I'm getting fascinated by how the whole A-list/start-up ecosystem functions. As far as I can make out, it goes like this:
The A-listers travel the conference circuit, accumulating attention. They may have a small foundation grant to live on, like a salesman's base salary. But if so, it's not a huge amount, essentially covering the core expenses of being an A-lister (basic living, airfare, transport, hotels).
The start-up gives the A-lister options, and a small measure of status.
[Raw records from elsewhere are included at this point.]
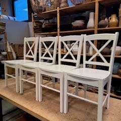 Tre stycken vita köksstolar i trä. Tunga. De har lite avskalad färg här och där.
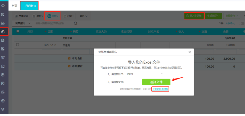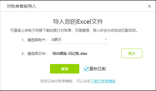 ①如果无银行网银流水,先下载对账单模板然后按照模板编辑导入文件,编辑好以后导入。
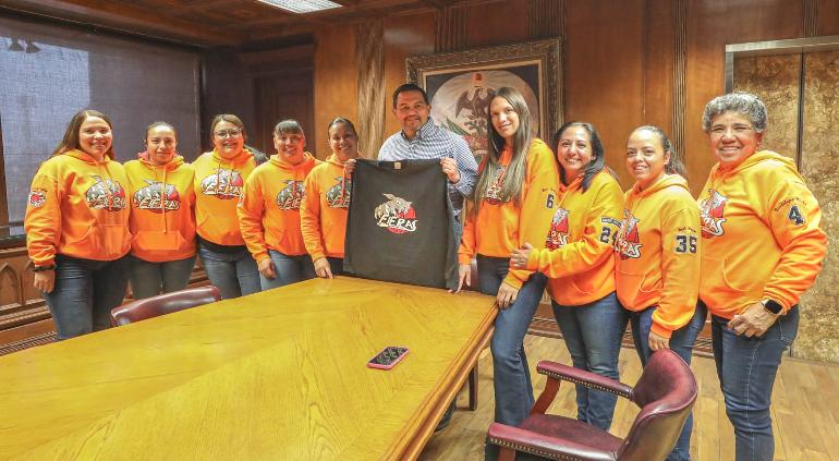 El Presidente Municipal, Cruz Pérez Cuéllar, recibió en su despacho a las integrantes del equipo de basquetbol Fieras, quienes representarán a México en el Campeonato Mundial de Basquetbol en Mallorca, España.
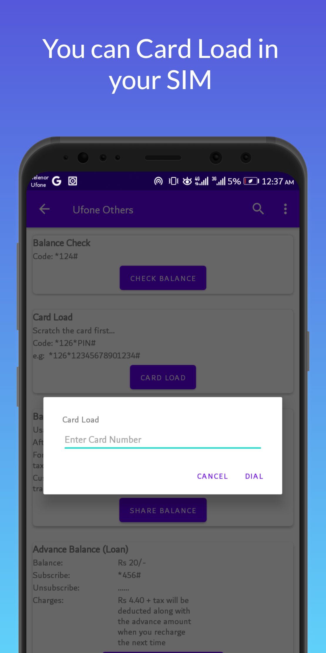 Another interesting and useful feature of this application is you just need to enter your card number in the Card Load box of the application and your Card will be loaded, without entering * and #. And even you don’t need to remember codes of Card Load of any Network available in Pakistan. You can Load following Cards with the help of this application.

In return, the A-lister gives the company a measure of credibility, and some of the accumulated attention.
If the company crashes and burns, as most do, well, the attention and status exchanged was mutually beneficial.
If the company hits big, as happens, but rarely, then it's payday all around.
Have I got it right?
No criticism *at all* implied in this - purely my trying to analyze the mechanics of how it all works, and figure out how dangerous it is for me to be around that game.
Per the WSJ article validating this issue now, it seems to work like a personal version of a venture capital fund. The A-lister has a portfolio of "advisory board memberships", most of which aren't profitable. The few which are profitable, though, make the money for the whole endeavor.
Note this is an expensive game to play, since you basically have to spend all your time pitching and attention-cultivating. And be "connected", to get in on the hot deals (one of my big problems in this game is that I'm just barely "connected" enough to sometimes hear about the hot deals after the fact, but so much baggage that I'll never, ever, get one).
Once again though: Meet the new boss, same as the old boss.
By Seth Finkelstein | posted in cyberblather | on February 09, 2006 10:29 AM (Infothought permalink)
A link you are sure to enjoy:
http://dondodge.typepad.com/the_next_big_thing/2006/02/the_new_way_to_.html
My measured, reasonable take *cough*, from about 14 months ago. Still gets googlenauts by the bucketload surfing in on unsavory keywords, thanks to the juxtaposition of naughty words.
Superficially, your take is valid, but the whole circle-jerk thing doesn't work very well if the 'a-lister' is doing it for mercenary motivations (unless, of course, they are able to fake sincerity. Then they've got it made).